Let's suppose you have a network with a dozen hosts doing various things:
web server, mail server, DNS server, database server, etc.  And today
you're going to work on preventing these from becoming an outbound
(email) spam/phish/etc. problem.

(a) Configure the MTAs on all but one host as dumb/stub mail systems which
automatically forward all non-internal traffic to the smarthost -- the
single mail system which is actually clueful enough to send traffic
out to destinations on the Internet.

(b) Block (on the hosts and on the firewall) outbound port 25 on all but
the smarthost.  Set alarms for any traffic trying to get out, because
that should never happen.  (Why block in two places?  Because then
a single-point compromise will not remove all the blocks.)

(c) Figure out what a normal level of traffic from the smarthost looks
like, that is, in data volume per unit time.  Why?  Because even if you
have a gigabit of bandwidth available, you almost certainly don't
*need* that much for SMTP.   And when doing this kind of engineering,
any excess resource you don't need should be considered a liability:
you won't use it, but your adversaries sure will.

So let's you measure outbound data volume, and over a week, you see
that it peaks at 1M/hour.  Pick a fudge factor, maybe 5, and bandlimit
outbound flow from the mailhost to 5M/hour, with an alarm if that's
exceeded.

(d) Monitor the MTA's logs on the mailhost.  Even something as simple
as lines-generated-per-hour might be enough to flag a problem.

But if you want to get a bit fancier: most mail systems exhibit
easily measurable patterns.  Mail goes out to the same places most
of the time, at roughly the same volumes.  Joe's Donuts in Dubuque,
Iowa does not routinely send traffic to Peru or Portugal or Pakistan.
Use knowledge of these -- which you get by slicing and dicing your
logs -- to craft alarms that go off when unusual things happen.
Refine the alarms to adjust for FPs, and definitely for FNs.

(e) You can (and should) also do things like blocking *all* traffic
to and from the networks on the Spamhaus DROP list.  (Why?  Because
all possible outcomes of permitting that traffic are bad for you.)
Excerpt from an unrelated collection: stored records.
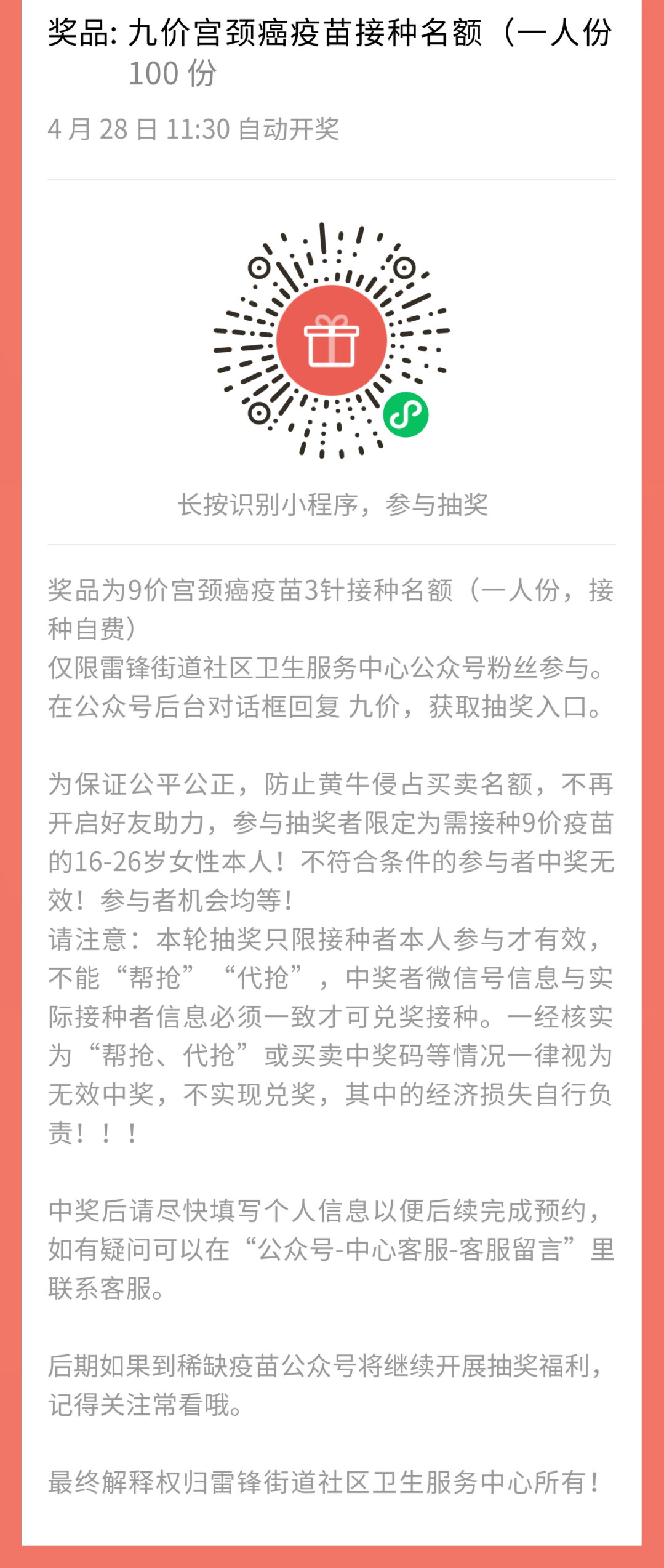 雷锋街道社区卫生服务中心推出了9价HPV接种抽奖活动,具体活动内容如下。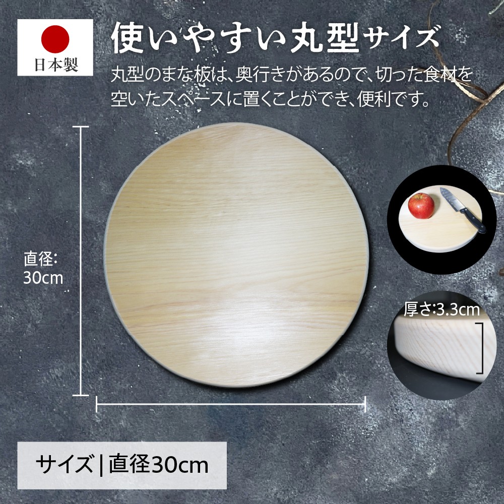 チョイス限定 専任の職人が1点1点加工! 青森ヒバまな板 丸型 直径30cm厚さ3.3cm 木製 天然木 一枚板 無垢材 送料無料 キッチン 雑貨 台所用品 ひば カッティングボード 国産 青森 五所川原 まな板 ヒバ 木のまな板 円形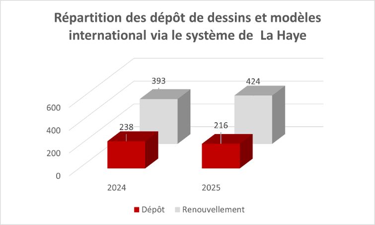 : Evolution des demandes durant les années 2024 et 2025Brevet d'invention Les Marques Dessins et Modèles Industriels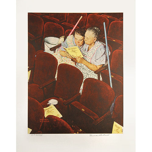 Charwomen in the Theater is a depiction of two cleaning ladies in a movie theater. The ladies are sitting back taking a break from their duties, relaxing and reading over a playbill. Typical details include wrinkles in their aprons, a well-worn mop and a scattering of debris. The ladies modeling for Rockwell were his neighbors and apprehensive about posing as cleaning ladies. However, Rockwell convinced them they were only acting. The print is in excellent condition very detailed with vivid color and contrast. Charwomen in the Theater was used on the cover of The Saturday Evening Post on April 6, 1946.

(f) Revisit this periodically to see if any improvements can be
made.  Every incremental step correspondingly decreases the probability
that you'll originate abuse/attacks, and in judicious combination
they can frustrate all but the most clueful, determined,
well-resourced adversaries.


Does all of this stop abuse?  No.  But it does four things: first,
it limits the damage you can do.  You're still going to have a Bad Day
if your mailhost starts spamming, but if it only sends 2% of what it
*could* have sent, you will avoid a much worse day.  Second, it gives
you a fighting chance of detecting the problem.  Yes, other people
might eventually tell you about it, and that's great, but it would
be much better if you caught it first.

Third, it makes your operation a harder target.  Especially if
you repeat this approach across every server, every service, every
port, every protocol.  This discourages future attackers/abusers,
because they have their pick of much softer targets.  This in turn
reduces your future workload.  Think of it as being the opposite
of an abuse magnet.

Fourth, as you've probably guessed, it also hardens you against
*inbound* attacks.  So even if you completely lack the resolve
to defend the Internet from your operation, you should care about this
anyway because it's in your self-interest.